Material for this exercise ▸

━━━━━━━━━━━━━━━━

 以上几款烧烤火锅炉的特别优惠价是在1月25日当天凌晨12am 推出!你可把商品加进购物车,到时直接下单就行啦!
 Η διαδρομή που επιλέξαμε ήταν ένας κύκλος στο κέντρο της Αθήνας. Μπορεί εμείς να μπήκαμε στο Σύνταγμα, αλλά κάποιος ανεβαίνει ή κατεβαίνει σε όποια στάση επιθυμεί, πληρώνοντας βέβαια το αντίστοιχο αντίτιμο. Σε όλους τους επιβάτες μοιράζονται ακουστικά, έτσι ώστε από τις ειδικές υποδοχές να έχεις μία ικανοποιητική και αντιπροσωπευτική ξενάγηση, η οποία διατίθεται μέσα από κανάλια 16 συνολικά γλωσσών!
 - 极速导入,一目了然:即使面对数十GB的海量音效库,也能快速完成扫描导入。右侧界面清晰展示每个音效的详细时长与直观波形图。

━━━━━━━━━━━━━━━━

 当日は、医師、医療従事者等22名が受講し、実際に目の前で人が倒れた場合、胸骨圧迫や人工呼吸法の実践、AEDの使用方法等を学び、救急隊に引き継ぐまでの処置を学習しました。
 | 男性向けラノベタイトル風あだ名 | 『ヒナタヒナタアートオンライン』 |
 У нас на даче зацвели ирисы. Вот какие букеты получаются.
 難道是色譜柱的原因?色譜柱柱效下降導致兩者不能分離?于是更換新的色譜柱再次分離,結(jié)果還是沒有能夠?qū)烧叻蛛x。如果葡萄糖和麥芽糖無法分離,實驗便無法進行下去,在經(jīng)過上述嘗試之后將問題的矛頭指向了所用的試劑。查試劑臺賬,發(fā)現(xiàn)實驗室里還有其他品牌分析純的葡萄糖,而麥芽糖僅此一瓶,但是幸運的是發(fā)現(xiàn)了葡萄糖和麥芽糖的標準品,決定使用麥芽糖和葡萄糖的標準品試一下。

━━━━━━━━━━━━━━━━

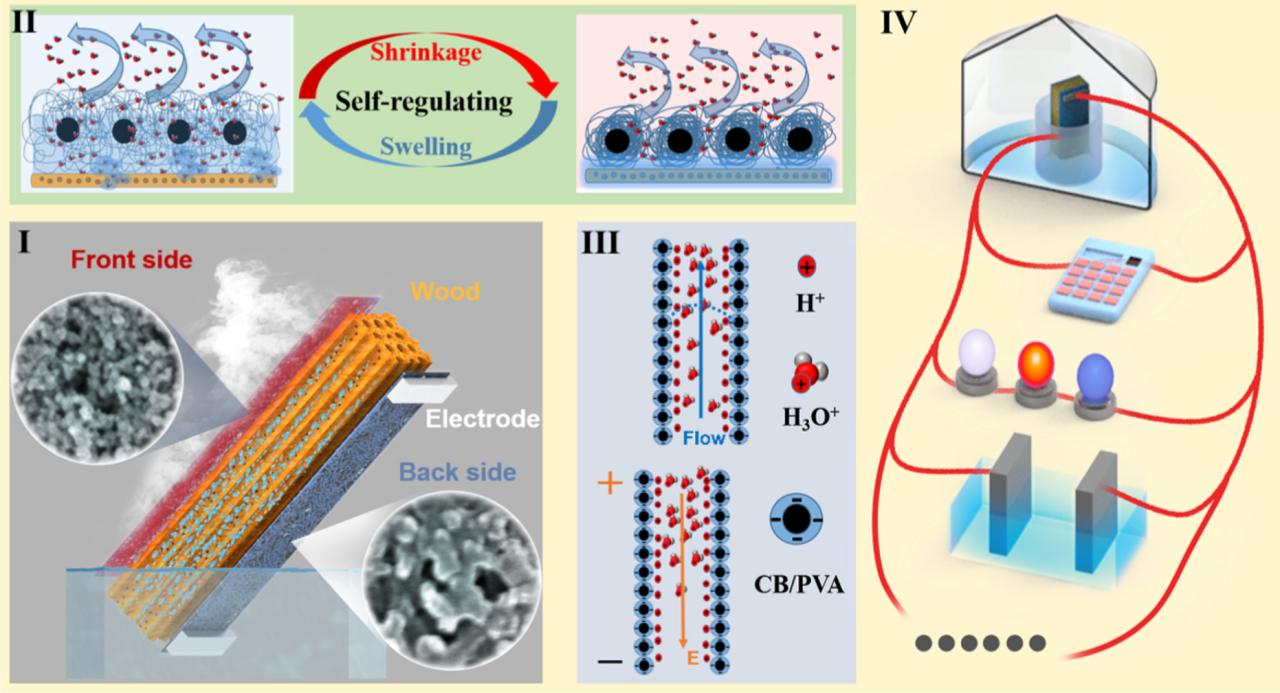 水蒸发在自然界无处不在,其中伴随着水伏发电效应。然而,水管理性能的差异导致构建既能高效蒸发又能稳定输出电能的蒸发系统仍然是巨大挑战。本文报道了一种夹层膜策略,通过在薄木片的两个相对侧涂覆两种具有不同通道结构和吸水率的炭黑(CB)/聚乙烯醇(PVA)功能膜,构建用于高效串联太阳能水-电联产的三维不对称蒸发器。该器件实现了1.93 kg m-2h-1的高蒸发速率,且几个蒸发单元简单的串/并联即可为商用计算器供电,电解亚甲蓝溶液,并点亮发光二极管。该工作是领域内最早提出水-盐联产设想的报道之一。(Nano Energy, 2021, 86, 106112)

━━━━━━━━━━━━━━━━

Work instruction ▸
Since only part of the listing is wanted, copy exactly the lines from the one holding "У нас на даче" to the one holding "難道是色譜柱的原因?色譜柱柱", both included.

Solution for this problem ▸
 У нас на даче зацвели ирисы. Вот какие букеты получаются.
 難道是色譜柱的原因?色譜柱柱效下降導致兩者不能分離?于是更換新的色譜柱再次分離,結(jié)果還是沒有能夠?qū)烧叻蛛x。如果葡萄糖和麥芽糖無法分離,實驗便無法進行下去,在經(jīng)過上述嘗試之后將問題的矛頭指向了所用的試劑。查試劑臺賬,發(fā)現(xiàn)實驗室里還有其他品牌分析純的葡萄糖,而麥芽糖僅此一瓶,但是幸運的是發(fā)現(xiàn)了葡萄糖和麥芽糖的標準品,決定使用麥芽糖和葡萄糖的標準品試一下。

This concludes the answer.